Data section
===

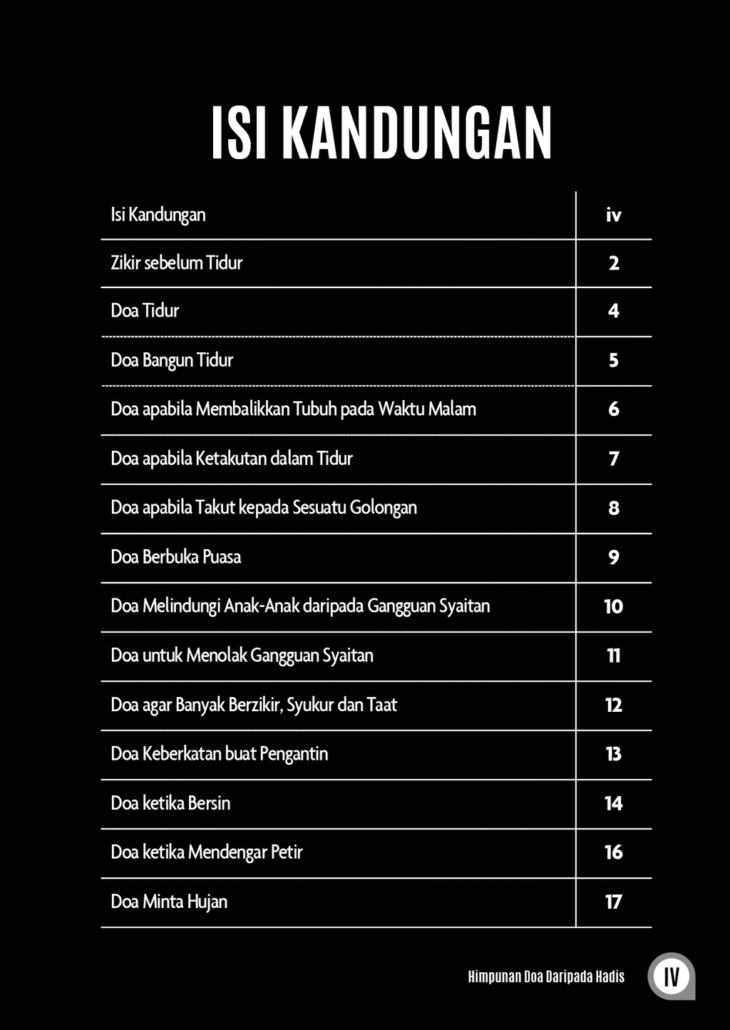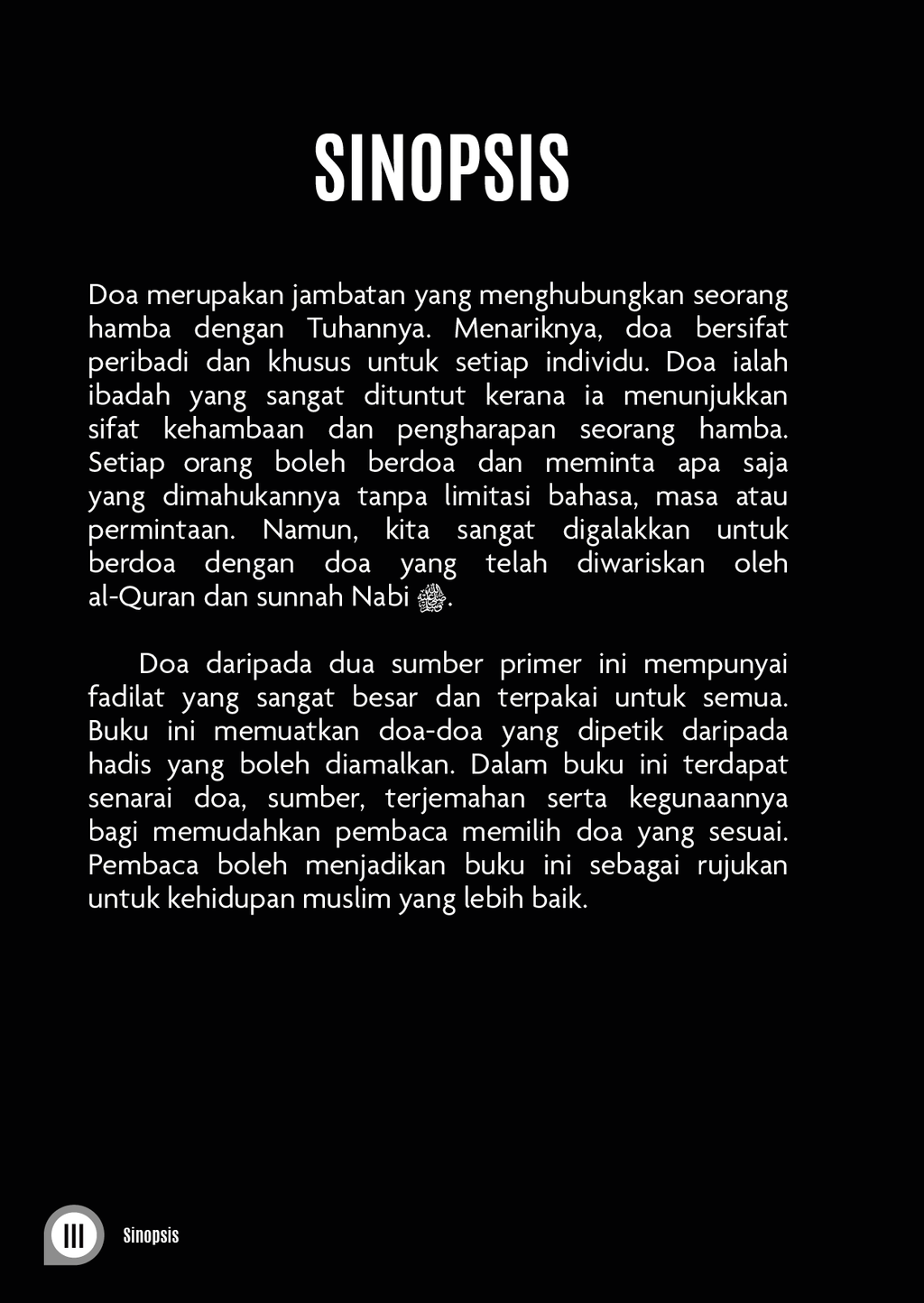 Doa daripada dua sumber primer ini mempunyai fadilat yang sangat besar dan terpakai untuk semua. Memuatkan doa-doa yang dipetik daripada al-Quran. Dalam buku ini terdapat senarai doa, sumber, terjemahan serta kegunaanya bagi memudahkan pembaca memilih doa yang sesuai. Pembaca boleh menjadikan buku ini sebagai rujukan untuk kehidupan Muslim yang lebih baik.
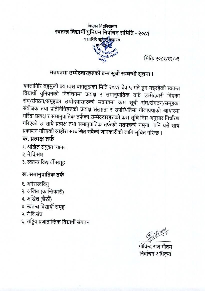 मतपत्रमा उम्मेदवारहरुको क्रम सूची सम्बन्धी सूचना !
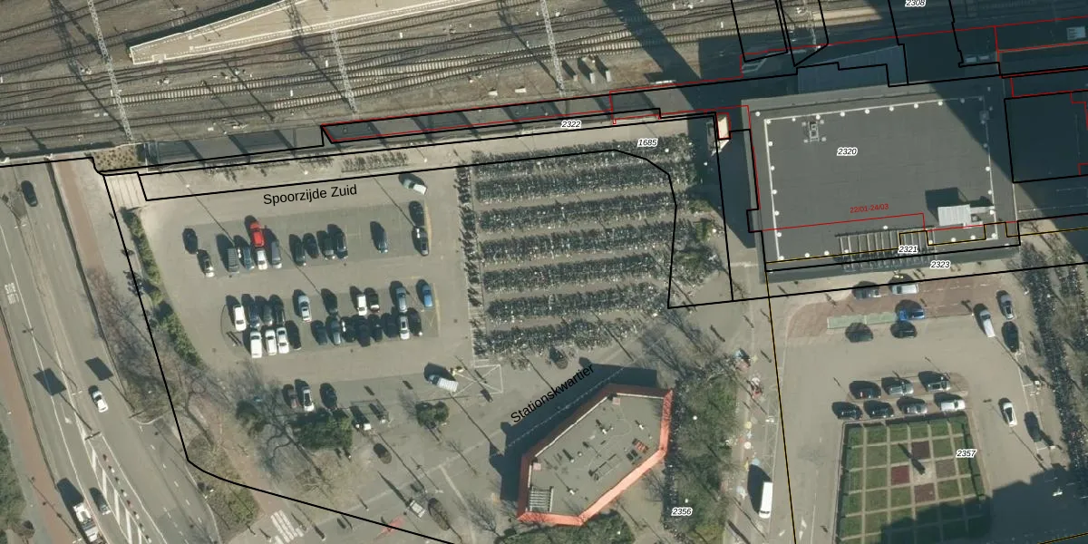 Het perceel waarop Stationskwartier 40-173 staat heeft een oppervlakte van 1,4 ha. Dit is een zeer groot perceel. De perceeloppervlakte wordt geregistreerd door het Kadaster. Gedetailleerde informatie over de maten van dit perceel kunt u vinden in het rapport Kadastrale kaart met maatvoering van Stationskwartier 40-173.

===

Work to complete
What you return should match the material word for word, apart from the pictures.

Expected answer
 Doa daripada dua sumber primer ini mempunyai fadilat yang sangat besar dan terpakai untuk semua. Memuatkan doa-doa yang dipetik daripada al-Quran. Dalam buku ini terdapat senarai doa, sumber, terjemahan serta kegunaanya bagi memudahkan pembaca memilih doa yang sesuai. Pembaca boleh menjadikan buku ini sebagai rujukan untuk kehidupan Muslim yang lebih baik.
 मतपत्रमा उम्मेदवारहरुको क्रम सूची सम्बन्धी सूचना !
 Het perceel waarop Stationskwartier 40-173 staat heeft een oppervlakte van 1,4 ha. Dit is een zeer groot perceel. De perceeloppervlakte wordt geregistreerd door het Kadaster. Gedetailleerde informatie over de maten van dit perceel kunt u vinden in het rapport Kadastrale kaart met maatvoering van Stationskwartier 40-173.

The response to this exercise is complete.